Description: If the first factor of a product is nonempty, and the product is a set, then the second factor is a set. UPDATE: this is actually the curried (exported) form of xpexcnv 7896 (up to commutation in the product). (Contributed by BJ, 6-Oct-2018.) (Proof modification is discouraged.)

Assertion

Ref	Expression
bj-xpnzex	⊢ (𝐴 ≠ ∅ → ((𝐴 × 𝐵) ∈ 𝑉 → 𝐵 ∈ V))
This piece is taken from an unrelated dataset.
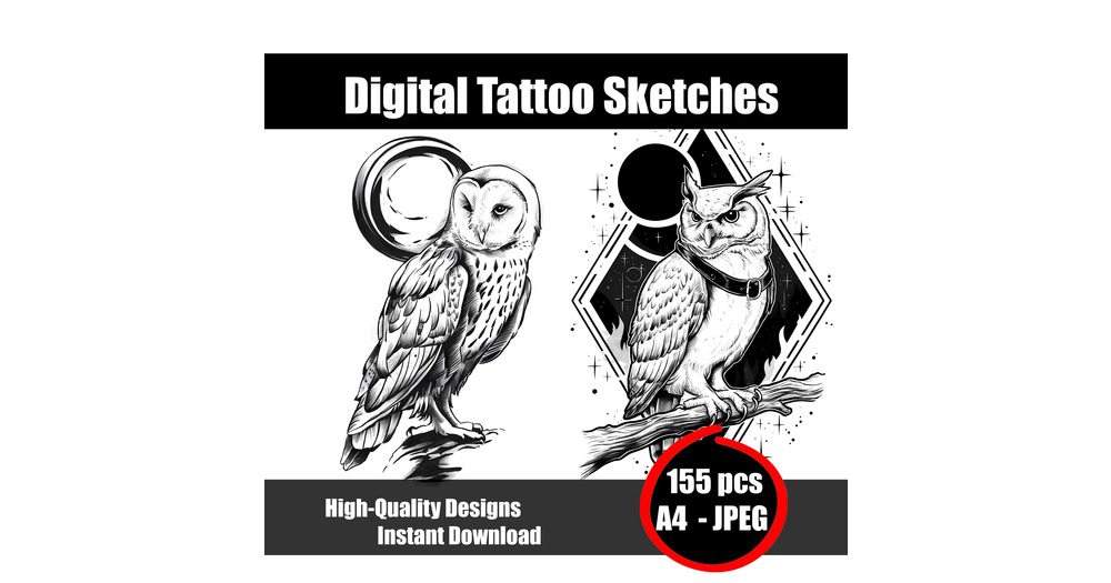Owl Tattoo Sketch | Detailed Line Art Flash Design | Printable Bird Tattoo for Artists | Instant Dig
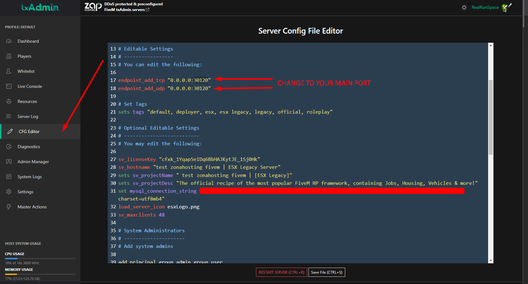 When using TxAdmin, some program files are stored in other directories and they won't use the default path, so we need to go to the TxAdmin CFG editor and change the port shown in the first two lines for the main principal server port. Now we should be able to connect to the server.

Proof of Theorem bj-xpnzex

Step	Hyp	Ref	Expression
1		0ex 5262	. . . . 5 ⊢ ∅ ∈ V
2		eleq1a 2823	. . . . 5 ⊢ (∅ ∈ V → (𝐵 = ∅ → 𝐵 ∈ V))
3	1, 2	ax-mp 5	. . . 4 ⊢ (𝐵 = ∅ → 𝐵 ∈ V)
4	3	a1d 25	. . 3 ⊢ (𝐵 = ∅ → ((𝐴 × 𝐵) ∈ 𝑉 → 𝐵 ∈ V))
5	4	a1d 25	. 2 ⊢ (𝐵 = ∅ → (𝐴 ≠ ∅ → ((𝐴 × 𝐵) ∈ 𝑉 → 𝐵 ∈ V)))
6		xpnz 6132	. . . 4 ⊢ ((𝐴 ≠ ∅ ∧ 𝐵 ≠ ∅) ↔ (𝐴 × 𝐵) ≠ ∅)
7		xpexr2 7895	. . . . . 6 ⊢ (((𝐴 × 𝐵) ∈ 𝑉 ∧ (𝐴 × 𝐵) ≠ ∅) → (𝐴 ∈ V ∧ 𝐵 ∈ V))
8	7	simprd 495	. . . . 5 ⊢ (((𝐴 × 𝐵) ∈ 𝑉 ∧ (𝐴 × 𝐵) ≠ ∅) → 𝐵 ∈ V)
9	8	expcom 413	. . . 4 ⊢ ((𝐴 × 𝐵) ≠ ∅ → ((𝐴 × 𝐵) ∈ 𝑉 → 𝐵 ∈ V))
10	6, 9	sylbi 217	. . 3 ⊢ ((𝐴 ≠ ∅ ∧ 𝐵 ≠ ∅) → ((𝐴 × 𝐵) ∈ 𝑉 → 𝐵 ∈ V))
11	10	expcom 413	. 2 ⊢ (𝐵 ≠ ∅ → (𝐴 ≠ ∅ → ((𝐴 × 𝐵) ∈ 𝑉 → 𝐵 ∈ V)))
12	5, 11	pm2.61ine 3008	1 ⊢ (𝐴 ≠ ∅ → ((𝐴 × 𝐵) ∈ 𝑉 → 𝐵 ∈ V))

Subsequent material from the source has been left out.